### Data listing
• • •
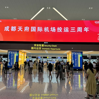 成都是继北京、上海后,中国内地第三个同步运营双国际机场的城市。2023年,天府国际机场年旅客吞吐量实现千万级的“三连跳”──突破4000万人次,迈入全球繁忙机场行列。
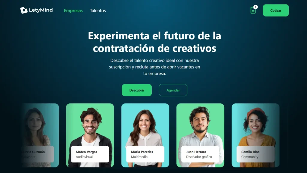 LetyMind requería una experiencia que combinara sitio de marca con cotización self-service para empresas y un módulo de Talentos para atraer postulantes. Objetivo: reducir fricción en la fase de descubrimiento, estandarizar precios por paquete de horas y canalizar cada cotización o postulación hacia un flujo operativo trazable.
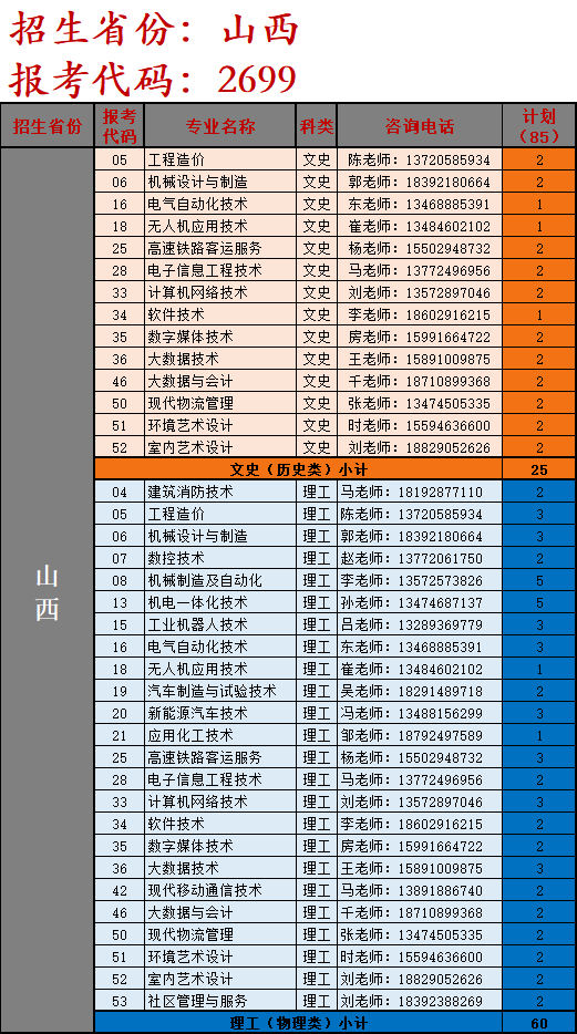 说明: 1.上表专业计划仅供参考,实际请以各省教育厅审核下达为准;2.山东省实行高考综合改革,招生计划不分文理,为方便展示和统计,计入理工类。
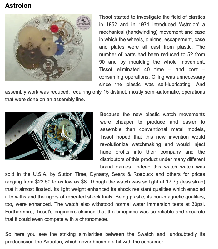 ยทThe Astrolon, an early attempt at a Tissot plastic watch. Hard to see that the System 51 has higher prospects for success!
• • •
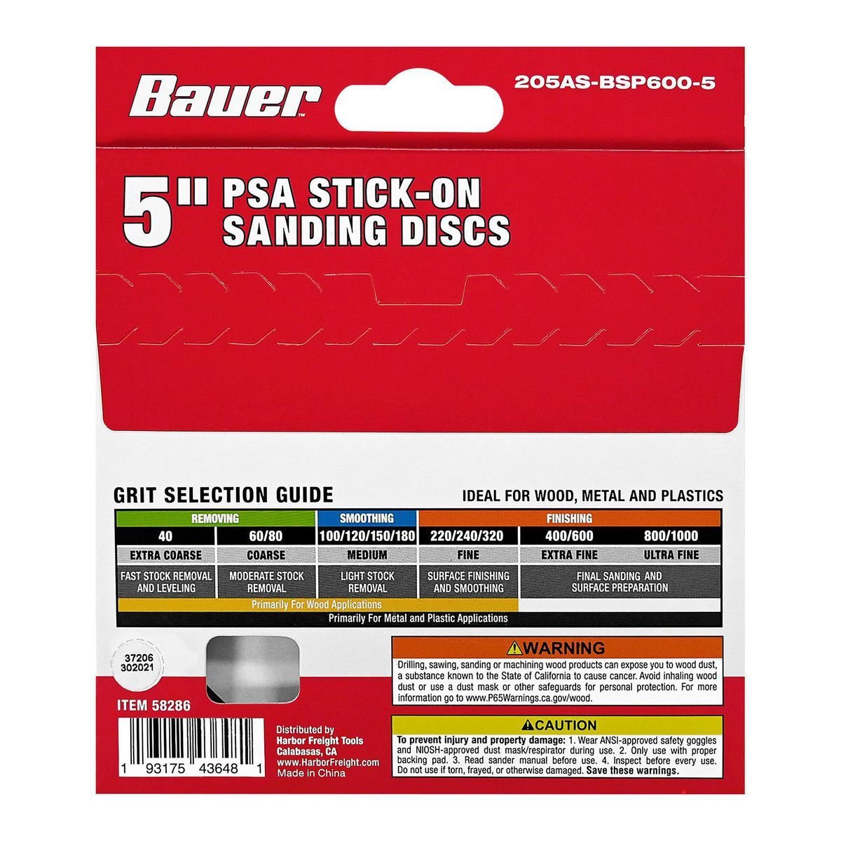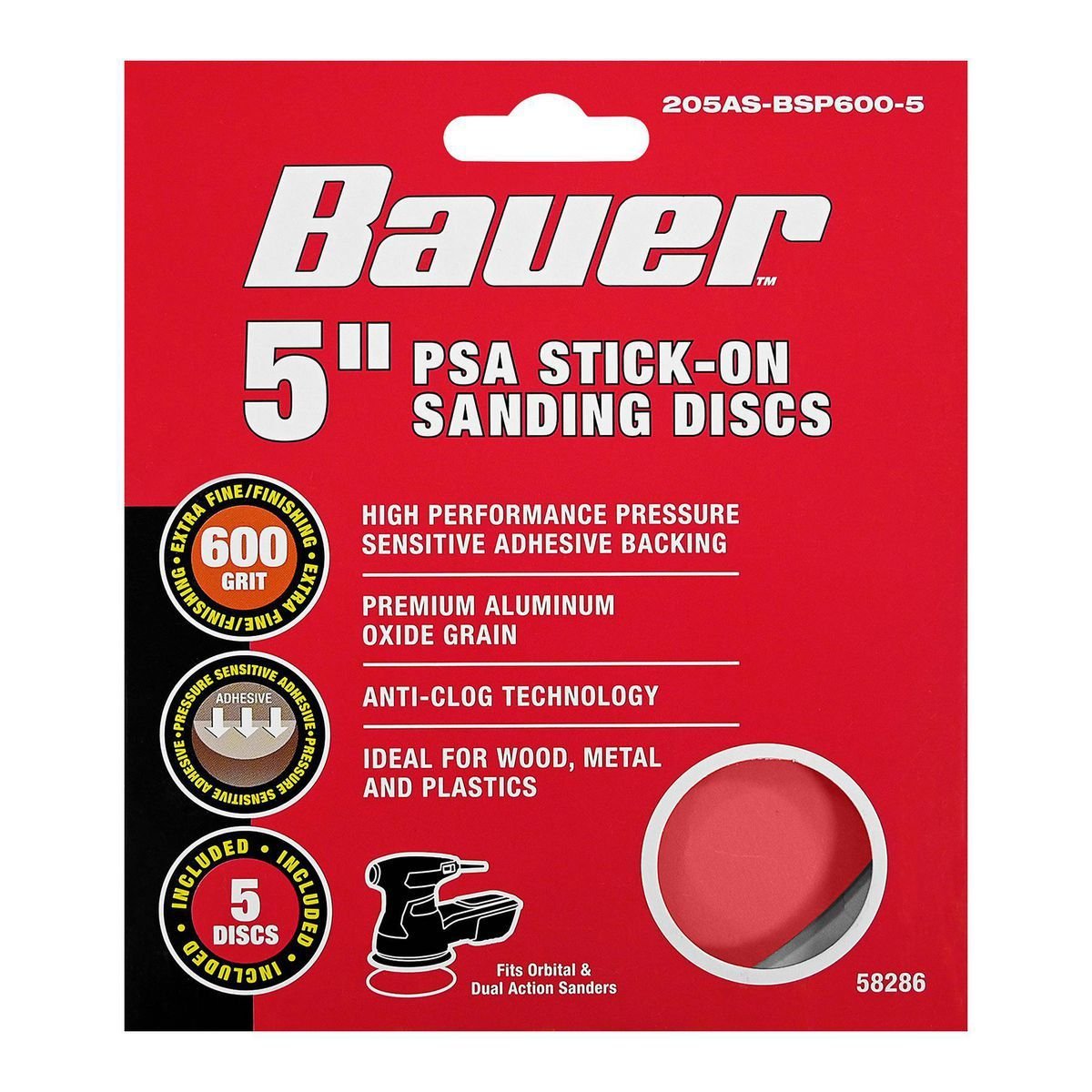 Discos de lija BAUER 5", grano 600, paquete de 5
• • •
### Problem statement
Precisely those lines above that run from the line with "成都是继北京、上海后,中国内" up to and including the line with "ยทThe Astrolon, an" are to be set down, with the pictures omitted.

### Answer space
 成都是继北京、上海后,中国内地第三个同步运营双国际机场的城市。2023年,天府国际机场年旅客吞吐量实现千万级的“三连跳”──突破4000万人次,迈入全球繁忙机场行列。
 LetyMind requería una experiencia que combinara sitio de marca con cotización self-service para empresas y un módulo de Talentos para atraer postulantes. Objetivo: reducir fricción en la fase de descubrimiento, estandarizar precios por paquete de horas y canalizar cada cotización o postulación hacia un flujo operativo trazable.
 说明: 1.上表专业计划仅供参考,实际请以各省教育厅审核下达为准;2.山东省实行高考综合改革,招生计划不分文理,为方便展示和统计,计入理工类。
 ยทThe Astrolon, an early attempt at a Tissot plastic watch. Hard to see that the System 51 has higher prospects for success!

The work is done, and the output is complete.